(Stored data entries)

• • • •

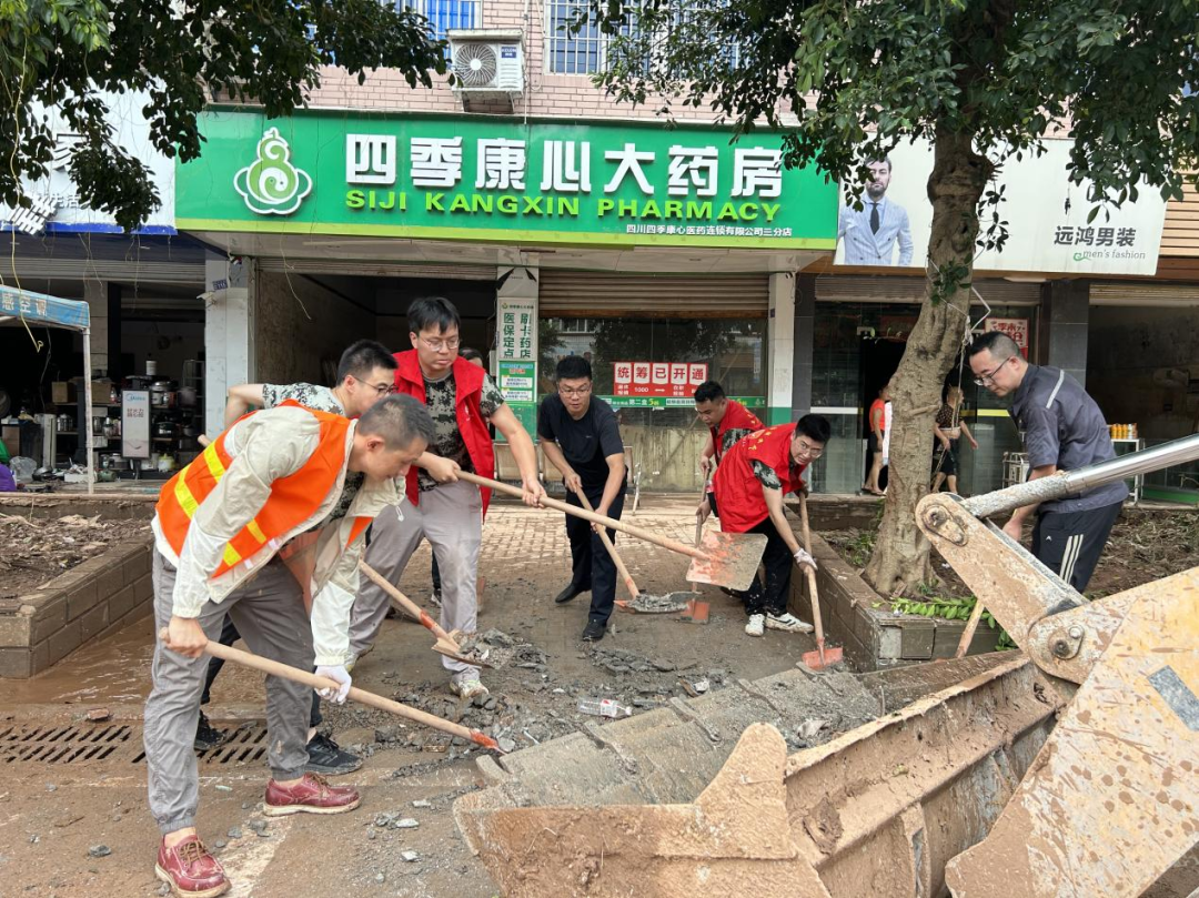 当天,内投集团公司派出第一、第二突击分队共25人,出动3台洒水车,自上午9点起,经过7个小时连续奋战,协助群众清扫房屋(商铺)100余间、摊位60余个,清扫清洗街道200余米,清理清运杂物、垃圾、淤泥等10余吨,对新街路段2000平方米、元宝花园小区院坝300余平方米的区域进行了全覆盖清理,街道、院落逐渐恢复了昔日的面貌。
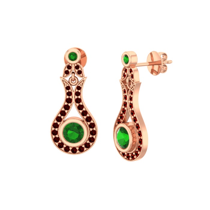 Yeşil kuvars ve garnet 14 ayar rose altın küpe
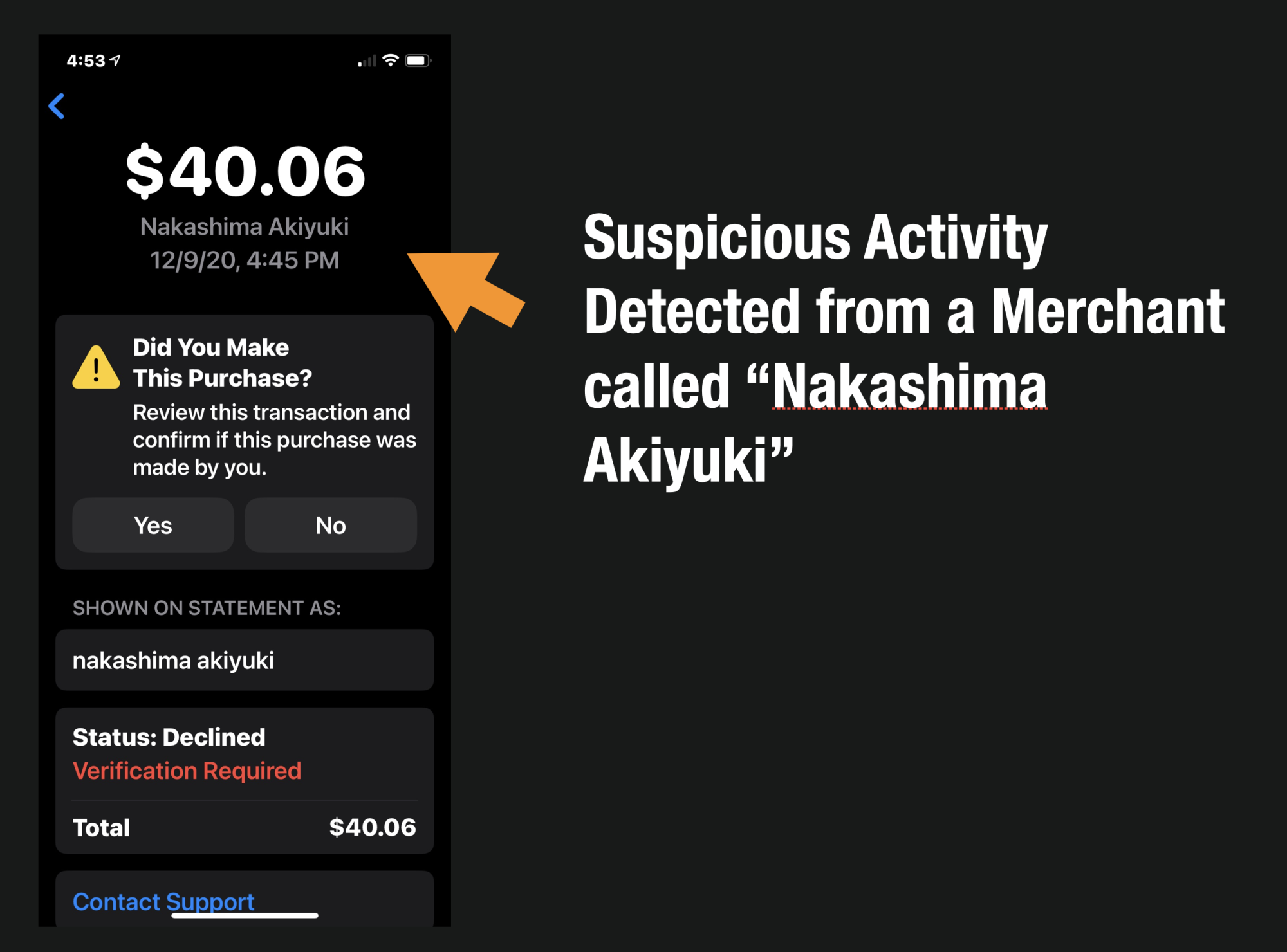 What the heck? I was shopping on Lysol. Who was Nakashima Akiyuki? And why did Apple Card think this transaction was suspicious? I shop online all the time and this was a relatively small transaction?
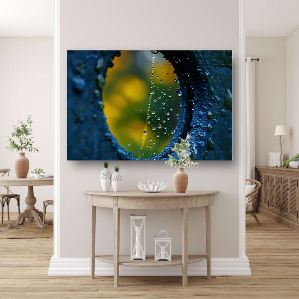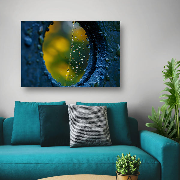 Spinnenweb met dauwdruppels in de ochtendzon canvas
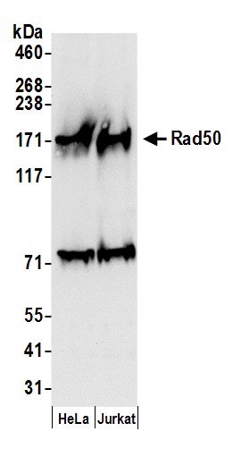 | Immunogen: | synthetic peptide. The epitope recognized by A300-185A-T maps to a region between residues 700 and 750 of human Rad50 using the numbering given in entry NP_005723.2 (GeneID 10111). |
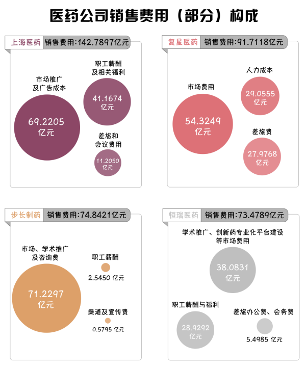 根據(jù)A股中各藥企年報(bào)中披露的數(shù)據(jù)來看,截至2022年底,共有10家藥企的銷售費(fèi)用超過了50億元。整個(gè)行業(yè)中,銷售費(fèi)用最高的是上海醫(yī)藥,達(dá)到了142.7897億元;復(fù)星醫(yī)藥、恒瑞醫(yī)藥、步長制藥等作為化學(xué)制藥、中藥領(lǐng)域的龍頭企業(yè),銷售費(fèi)用分別達(dá)到了91.7118億元、73.4789億元以及74.8421億元。
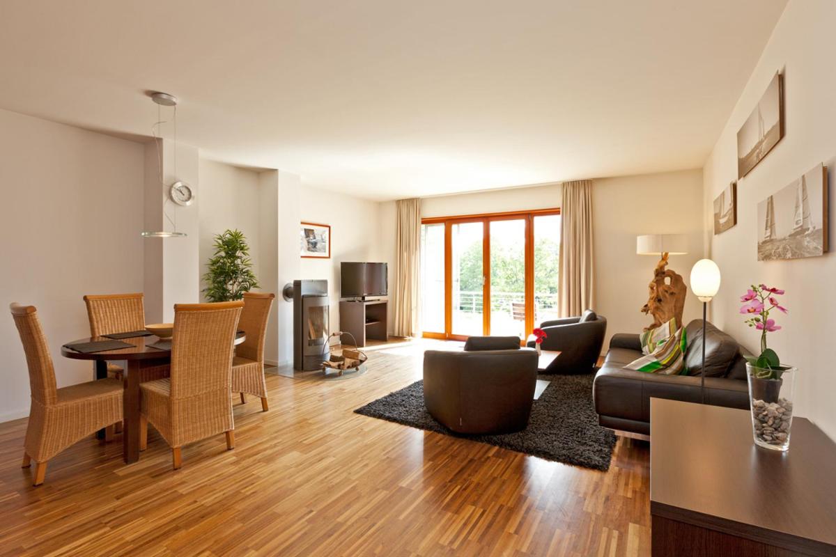 The Seeresidenz Klink apartments boast a high standard of modern furnishings and stunning views of Lake Müritz from private balconies or terraces. Enjoy the comfort of contemporary amenities in a picturesque lakeside setting.

• • • •

**What you will do**
Only one stretch of the data is wanted: write out exactly the lines from the one holding "Yeşil kuvars ve" through the one holding "根據(jù)A股中各藥企年報", both included, without the pictures.

**Task result**
 Yeşil kuvars ve garnet 14 ayar rose altın küpe
 What the heck? I was shopping on Lysol. Who was Nakashima Akiyuki? And why did Apple Card think this transaction was suspicious? I shop online all the time and this was a relatively small transaction?
 Spinnenweb met dauwdruppels in de ochtendzon canvas
 | Immunogen: | synthetic peptide. The epitope recognized by A300-185A-T maps to a region between residues 700 and 750 of human Rad50 using the numbering given in entry NP_005723.2 (GeneID 10111). |
 根據(jù)A股中各藥企年報(bào)中披露的數(shù)據(jù)來看,截至2022年底,共有10家藥企的銷售費(fèi)用超過了50億元。整個(gè)行業(yè)中,銷售費(fèi)用最高的是上海醫(yī)藥,達(dá)到了142.7897億元;復(fù)星醫(yī)藥、恒瑞醫(yī)藥、步長制藥等作為化學(xué)制藥、中藥領(lǐng)域的龍頭企業(yè),銷售費(fèi)用分別達(dá)到了91.7118億元、73.4789億元以及74.8421億元。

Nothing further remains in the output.